Résultat net : une compétition en montagnes russes. Et un échec pour Béatrice, incapable de se qualifier pour le grand rendez-vous. 
Un déclic
Comme prévu, elle se rattrapera en longue piste, où elle n'est «vraiment pas stressée». C'est d'ailleurs aux derniers Mondiaux juniors (19 ans et moins) de cette discipline qu'elle connaîtra sa véritable éclosion, en mars dernier. À Changchun, en Chine, elle vise un top 8 dans l'une de ses courses. Elle reviendra chez elle avec deux médailles de bronze (1500 mètres et départ de masse), en plus d'une cinquième place au 1000 mètres. Un cinquième rang au classement cumulatif; ses plus beaux moments en carrière.
Et, en prime, comme une odeur de déclic. «Je me suis dit : je suis peut-être meilleure que je le pensais.

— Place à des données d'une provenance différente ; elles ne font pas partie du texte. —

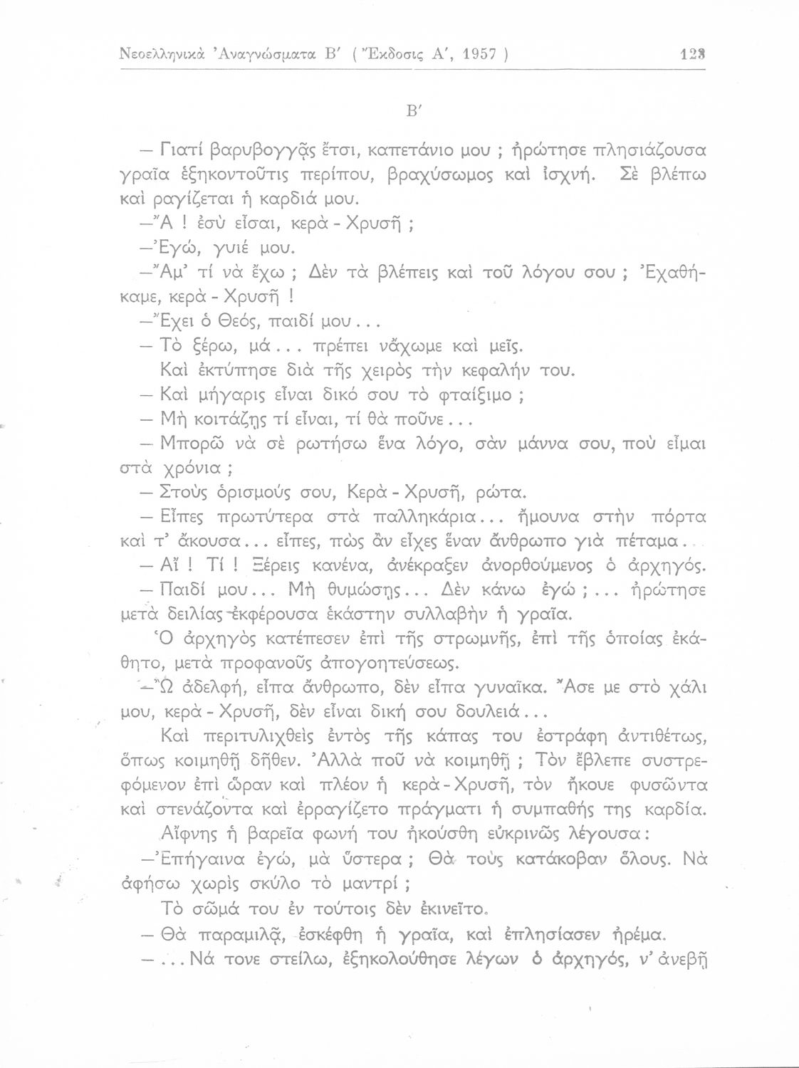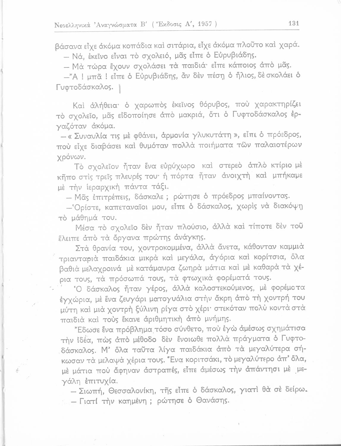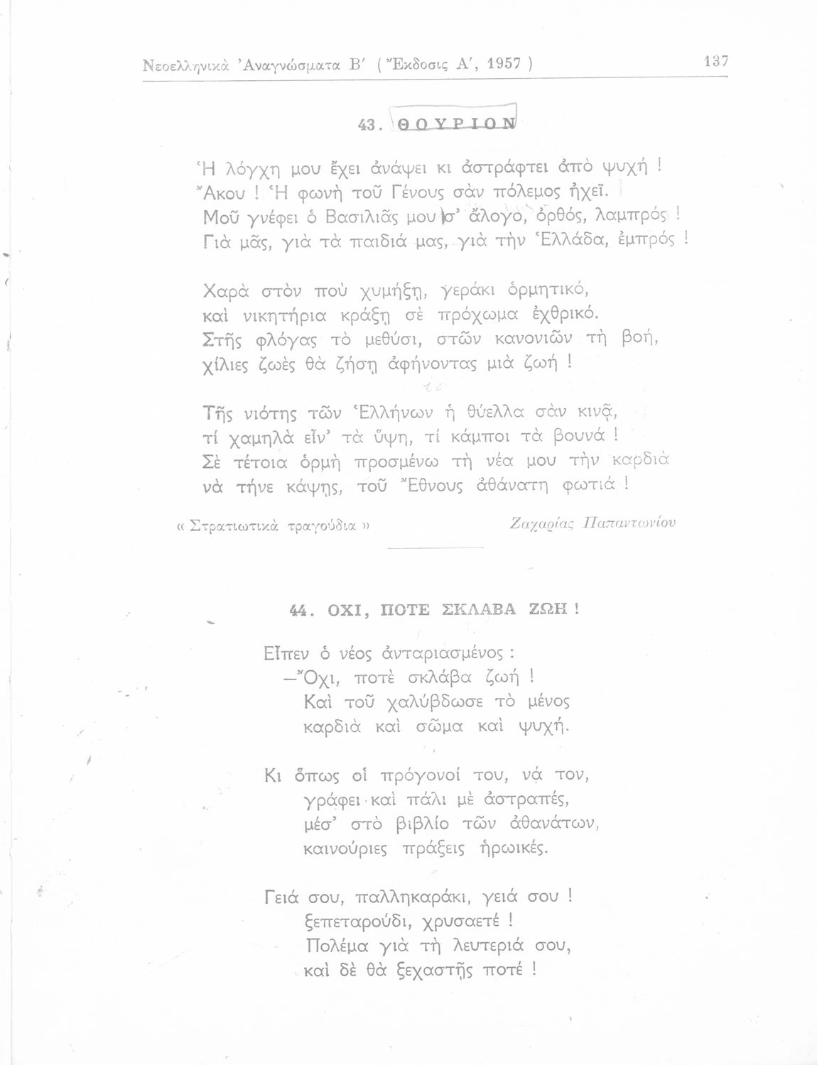 Σχολικό εγχειρίδιο Νέων Ελληνικών Δ΄ Γυμνασίου και Β΄ Αστικού Σχολείου που περιέχει πεζά και ποιήματα Ελλήνων συγγραφέων εμπνευσμένα από τη θρησκευτική και κοινωνική ζωή, την ελληνική μυθολογία, την αρχαία και

Je ne faisais que des compétitions canadiennes. Je n'avais aucune idée où je me situais à l'international. Quand j'ai vu ça, j'ai réalisé que je m'en allais vers quelque chose de bon.»

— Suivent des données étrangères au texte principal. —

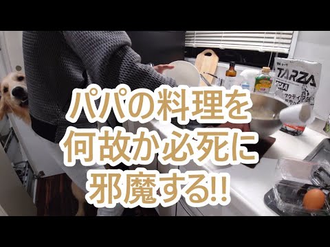 パパのスーパーな料理を必死で邪魔する意味不明なゴールデンレトリバーティト。
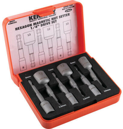 ¼""-os csavarozókészlet 6 darab erősen mágneses, gyorsan cserélhető csavarozófej hatlapú anyákhoz. Hatlapú csavarokhoz és anyákhoz való használatra. Kompatibilis az ütvefúró és ütvecsavarozó gépekkel. Króm-vanádium acélból készült. Erős tartódobozban. A készlet tartalma: 6, 7, 8, 10, 12, 13 mm-es csavarozófej. Megfelel a DIN 3126-as szabványnak és az ISO 1173 szab
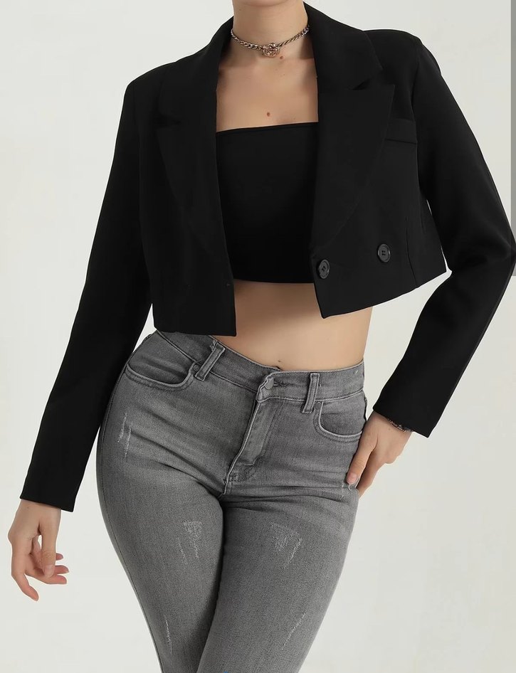 Siyah Kadın Çift Düğmeli Crop Ceket
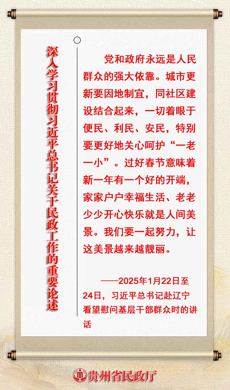 为进一步深入学习宣传贯彻好习近平总书记关于民政工作的重要论述,贵州省民政厅通过“两微一网”(微信、微博、网站)开设的《学习时间》专栏,与大家一起学习。今天学习第九十三篇:
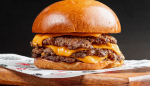 Delicioso Smash Burger Duplo com pão brioche macio, duas carnes tostadas de 50g, blend de queijo secreto Johnny e molho especial.
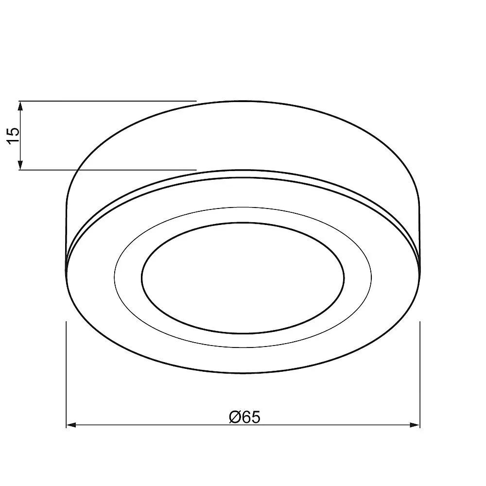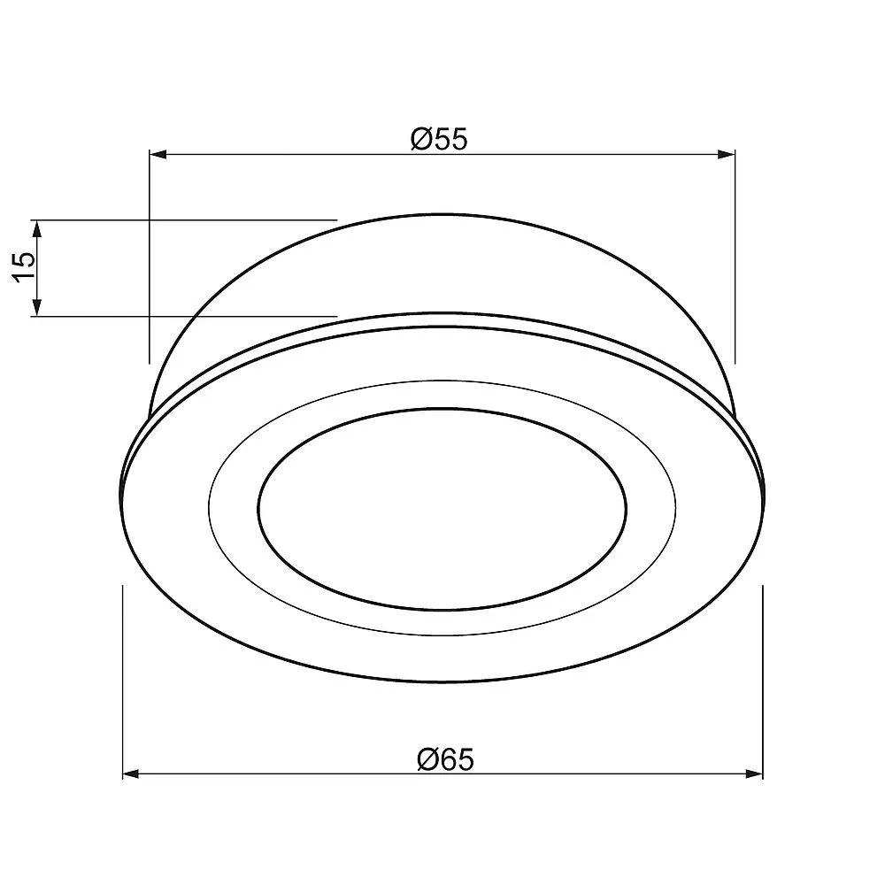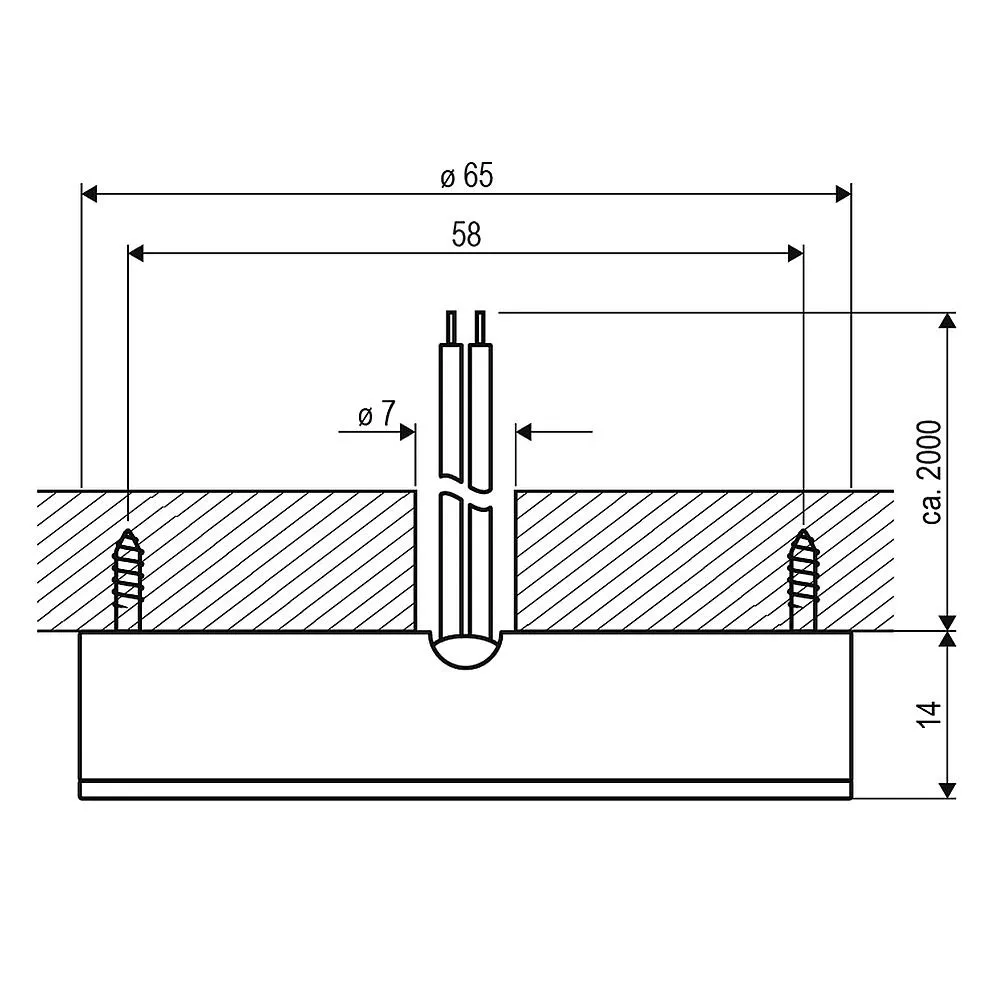 Alu-Druckguss, Glas satiniert, Abstrahlwinkel 90°, geeignet für Sacklochmontage, dimmbar, mit Zuleitung 2m und Anbaugehäuse für AP-Montage H17mm, MM, Eingangsstrom 350mAØ65 T15 AØ55mm

Pour se concentrer sur sa force, elle choisit de mettre le courte piste de côté. Elle écoute à la fois son coeur et sa tête, après avoir fait une compétition provinciale sur patinoire intérieure, en septembre.
«Ce n'était pas comme avant, raconte-t-elle. Je n'avais pas autant d'excitation, même par rapport à l'an passé. [...] J'avais juste hâte de partir à Calgary et de faire la compétition de longue piste.»

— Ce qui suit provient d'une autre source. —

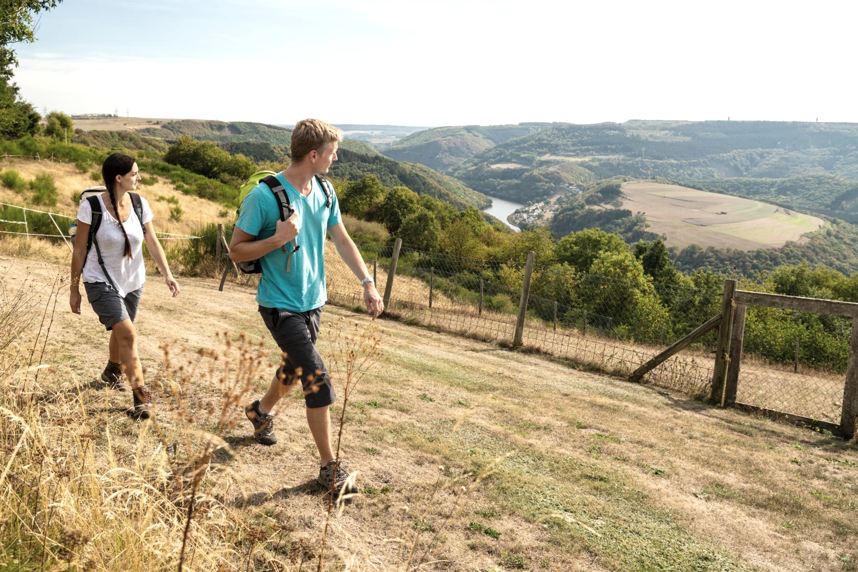 A magnificent landscape composition awaits you on this fascinating hiking tour in the NaturWanderPark delux! It is probably one of the most beautiful postcard motifs in the NaturWanderPark delux, which spreads out before you here: The Ourtalschleife a little north of Vianden. In the valley lies the village of Bivels with the striking blue bridge, above it the wooded hilltop with a light-green clay soil, surrounded by the deep blue-green of the broadly dammed Our, framed by steeply rising oak forests. And in the middle of it all, the ruins of Falkenstein, perched on a mighty slate spur. It is the first to peel out of the mist when the morning sun floods the Our valley. Even if you're eager to get going, head for the lookout point at the Waldhof-Falkenstein barbecue hut to get in the mood for the tour - gorgeous! Alternatively, you can reach and round the Nat'Our Route from here via a short access path, officially it starts in Bivels.
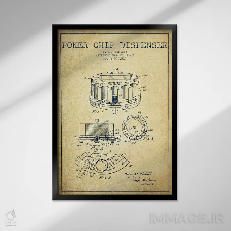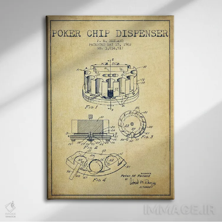 تابلو نقشهٔ ثبت اختراع ژتون پوکر ۳ (طرح قدیمی) اثر پیکسل کهنه (استودیو/نام هنری)

Après sa qualification pour les premières Coupes du monde de la saison, elle doit faire un choix. Son entraîneur lui suggère de continuer le «courte» malgré sa percée en «longue». «Je lui ai dit : "Mais je n'ai plus le goût d'en faire."» Dossier réglé.
Le côté solitaire de la discipline explique en grande partie sa préférence pour le longue piste. Contrairement au petit frère et ses «bousculades», le longue lui permet d'entrer dans sa bulle. «C'est relaxe. T'arrives sur la ligne et il y a juste toi qui comptes. Et là tu pars, tu fais ta course. Ça, j'aime vraiment ça», apprécie-t-elle, les yeux brillants.
Une pensée pour les Jeux olympiques
Béatrice Lamarche n'aime pas se fixer de grands objectifs. Que ce soit lors d'une compétition donnée ou pour sa carrière à long terme. Encore une fois, ce côté zen. Même papa Benoît admet ignorer les visées de sa fille. «C'est une personne ambitieuse, je pense, mais qui est très humble. Elle ne dévoilera jamais de façon très claire ce qu'elle veut faire. Même moi, je ne le sais pas. Je pense qu'elle a des ambitions. Est-ce d'être la meilleure au monde? Je le sais pas. Est-ce de participer aux Olympiques? Probablement. [...] On n'en a jamais parlé.»
Béatrice admet avoir une petite pensée pour les JO. Même pour ceux de 2018, qui s'amènent à grands pas et lors desquels elle sera toujours d'âge junior. «Les prochains sont peut-être dans ma mire, dit-elle, un peu hésitante. [...] Je vais être dans la game. Je ne dis pas que je vais me classer, mais je vais faire les sélections. Mais ce n'est vraiment pas un gros enjeu. Je vais avoir [seulement] 19 ans.»